初期溶解率[%]=(1分間撹拌液の吸光度/30分間撹拌液の吸光度)×100
【0048】
〔平均粒子径の測定法〕
レーザー散乱回折法粒度分布測定装置LS 13 320(ベックマン・コールター(株)製)を用い、メジアン径を粉末の平均粒子径とした。測定においては、トルネードドライパウダーモジュールを用いた。
【0049】
〔安息角の測定法〕
JIS R 9301−2−2で規定された方法により求めた。
【0050】
〔比容積の測定法〕
JIS K 7365で規定された方法で求められた見掛け密度を用い、次の式により算出した。

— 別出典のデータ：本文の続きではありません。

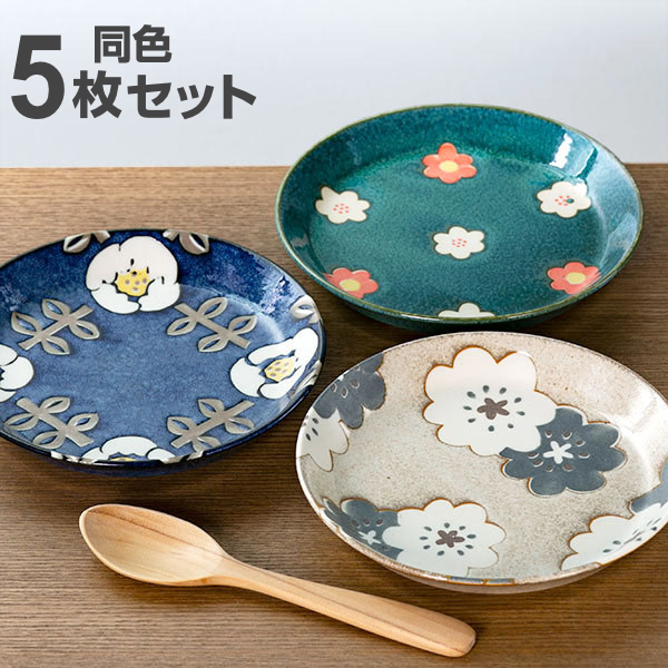 プレート 14cm ノルディックフラワー 磁器 美濃焼 日本製 同色5枚セット ( 食洗機対応 電子レンジ対応 ケーキ デザート 皿 北欧 花柄 洋食器 デザートプレート お皿 丸皿 取り皿 取り分け皿 小皿 モダン おしゃれ )

比容積[cm3/g]=1/(見掛け密度[g/cm3])
【0051】
【表1】

【0052】
以上の結果より、ポリオキシエチレンソルビタン脂肪酸エステル及びデキストリンを含有し、比容積が所定範囲にある食品用粉末組成物は、その粉末物性が良好であり、水への溶解性も良好であることが分かった。
【0053】
実施例7〜12
〔食品用粉末組成物の調製〕
上記で使用したポリソルベート60とオイルQの配合割合量を、それぞれ40gと60g、45gと55g、50gと50gとし、混合機としてニーダーに替えてホバートミキサー(ホバート・ジャパン(株)、容量3L)を使用し混合時間を10分とする以外は上記実施例1と同様の方法にて食品用粉末組成物3種(ポリソルベート濃度40質量%(実施例7)、45質量%(実施例8)及び50質量%(実施例9))を調製した。
【0054】
実施例9の食品用粉末組成物(90g)に対して、上記で使用したオイルQ(10g)を25℃で添加し、上記ホバートミキサーにて、30秒間混合し、食品用粉末組成物(ポリソルベート濃度45質量%(実施例10))を調製した。

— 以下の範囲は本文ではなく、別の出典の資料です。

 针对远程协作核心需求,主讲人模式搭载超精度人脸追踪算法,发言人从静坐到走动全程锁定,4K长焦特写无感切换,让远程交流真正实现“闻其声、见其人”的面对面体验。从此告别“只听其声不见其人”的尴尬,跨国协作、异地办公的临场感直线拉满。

また、オイルQ10gに替えて炭酸カルシウム(和光純薬工業社製)10g又はリン酸カルシウム(和光純薬工業社製)10gを用いた以外は同様にして調製し、それぞれ食品用粉末組成物(実施例11、12)を得た。
【0055】
実施例7〜12で得た食品用粉末組成物の流動性を、下記に示す方法で評価し、その結果を表2及び3に示した。
【0056】
【表2】

【0057】
【表3】

【0058】
<評価方法>
目開き1.7mm、直径20cmの篩に、食品用粉末組成物50gを入れ、10分間振盪し、篩上に残った食品用粉末組成物のg数を測定し、前者に対する後者の質量比率を%表示したものを「メッシュオン率」とした。流動性が高いものほど、篩の目を通りやすいことから、メッシュオン率が小さいものほど、流動性が高いことを表す。
【0059】
表2及び3に示すように、実施例10〜12の食品用粉末組成物、特に非含浸デキストリンを添加し混合した実施例10の食品用粉末組成物は、実施例9の食品用粉末組成物と比較し、流動性が向上した。

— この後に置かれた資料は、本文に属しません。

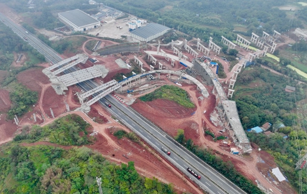 “目前惠民互通施工已完成近8成?!敝貞c交建相關負責人介紹,目前,惠民互通主線橋鋼梁吊裝已完成,現澆預應力連續箱梁已完成7聯,匝道橋的下部結構施工全部完成。預計今年7月,惠民互通將完成全部梁片架設及橋面系等土建工程,進入路面工程施工。

表2及び3に示すように、実施例9の食品用粉末組成物に非含浸デキストリンを添加した実施例10の食品用粉末組成物は、実施例8の食品用粉末組成物と同じポリソルベートの濃度であるものの、実施例8の食品用粉末組成物と比較しても流動性が向上した。

【特許請求の範囲】
【請求項1】
ポリオキシエチレンソルビタン脂肪酸エステル及びデキストリンを含有し、比容積が2〜9.5cm3/gである食品用粉末組成物。
【請求項2】
デキストリン/ポリオキシエチレンソルビタン脂肪酸エステルの質量比が、1/4〜4/1である請求項1に記載の食品用粉末組成物。
【請求項3】
デキストリンのDE(デキストロース当量)が3〜30である請求項1又は2に記載の食品用粉末組成物。
【請求項4】
平均粒子径が30〜700μmであるデキストリンを用いて得られるものである請求項1〜3のいずれか1項に記載の食品用粉末組成物。
【請求項5】
比容積が3〜12cm3/gのデキストリンを用いて得られるものである請求項1〜4のいずれか1項に記載の食品用粉末組成物。
【請求項6】
ポリオキシエチレンソルビタン脂肪酸エステル含浸デキストリン及びポリオキシエチレンソルビタン脂肪酸エステル非含浸デキストリンを含有するものである請求項1〜5のいずれか1項に記載の食品用粉末組成物。
【請求項7】
ポリオキシエチレンソルビタン脂肪酸エステル非含浸デキストリンの含有量が、1〜30質量%である請求項6に記載の食品用粉末組成物。
【請求項8】
ポリオキシエチレンソルビタン脂肪酸エステルを比容積3〜12cm3/gのデキストリンに含浸させることによる、比容積が2〜9.5cm3/gである食品用粉末組成物の製造方法。
【請求項9】
ポリオキシエチレンソルビタン脂肪酸エステルを比容積3〜12cm3/gのデキストリンに含浸させた後、更にデキストリンを混合することによる請求項8に記載の食品用粉末組成物の製造方法。